[jawsscripts] Re: Recursive Function Calls

  • From: Andrew Hart <ahart@xxxxxxxxxxxxx>
  • To: jawsscripts@xxxxxxxxxxxxx
  • Date: Wed, 27 Nov 2013 20:08:16 -0300

Gavin,

JAWS does not actually support recursive function calls.  when you call
code like your example, the SpeakTest function inside the body of your
function causes JAWS to look in the default scripts for a function
called SpeakTest and it calls that function.  If you put the SpeakTest
function in the default scripts, then it will look for a built-in
function called speakTest an dcall that SpeakTest if it exists.
Otherwise, it doe snothing.

However, to answer your question about recursive functions, in other
languages (not JAWS script), the code example you provided would execute
for ever.  If you also pass parameters to it, it would eventually cause
the pprocess running it to run out of memory, since each function call
pushes the parameters onto the stack so the recursively called function
can retrieve them.

To prevent this from happening, recursive functions need to include
termination conditions that guarantee the code will stop running at some
point.

Hth,
Andrew.

On 27/11/2013 7:24 PM, Gavin Grundlingh wrote:
> Hi all,
> 
> How exactly do recursive function calls work?
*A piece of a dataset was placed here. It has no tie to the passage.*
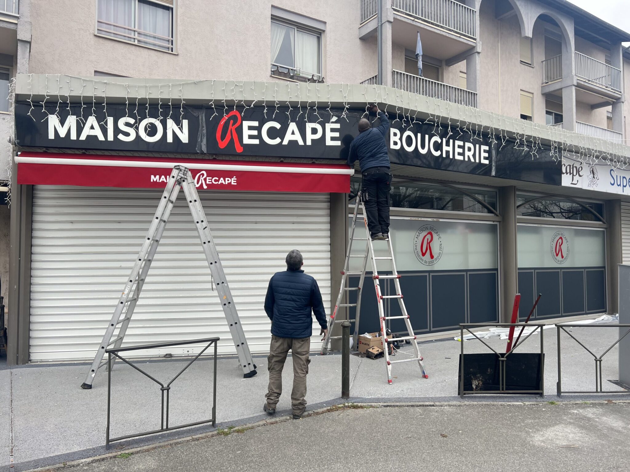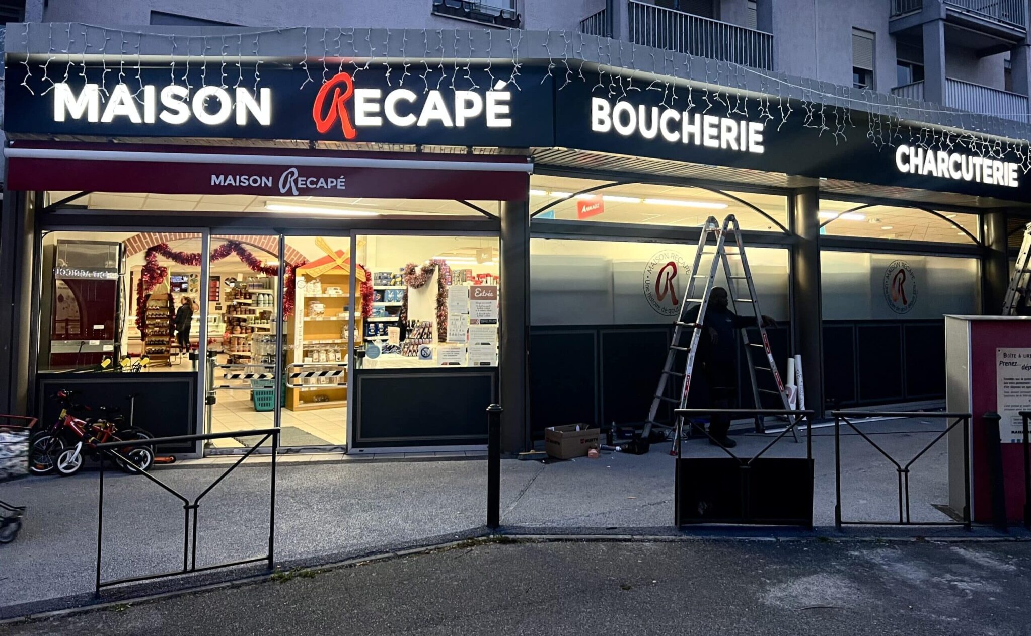 Afin d’optimiser la façade de cette Boucherie nous avons réalisé la fabrication et la pose d’une enseigne lumineuse texte évidé de 14 mètres de long. Le texte a été découpé dans des tôles aluminium teinté masse noir mat et éclairé de l’intérieur par modules Led haute luminosité et plaques plexiglas blanc diffusantes. Cette technique de fabrication permet un éclairage direct du texte de vos enseignes. Les tôles ont été pliées aux quatre bords pour une fixation de qualité sur la tranche des bacs aluminium et pas sur la face des enseignes lumineuses.

From what I've read, a 
> recursive function is a function that calls itself. What I don't understand, 
> though, is how a function can call itself without going into an infinite 
> loop. Consider the following example:
> 
> Void Function SpeakTest ()
> SayString ("test")
> SpeakTest ()
> EndFunction
> 
> now when calling SpeakTest, the string "test" is not infinitely spoken. Has 
> anyone used this kind of function in a script before?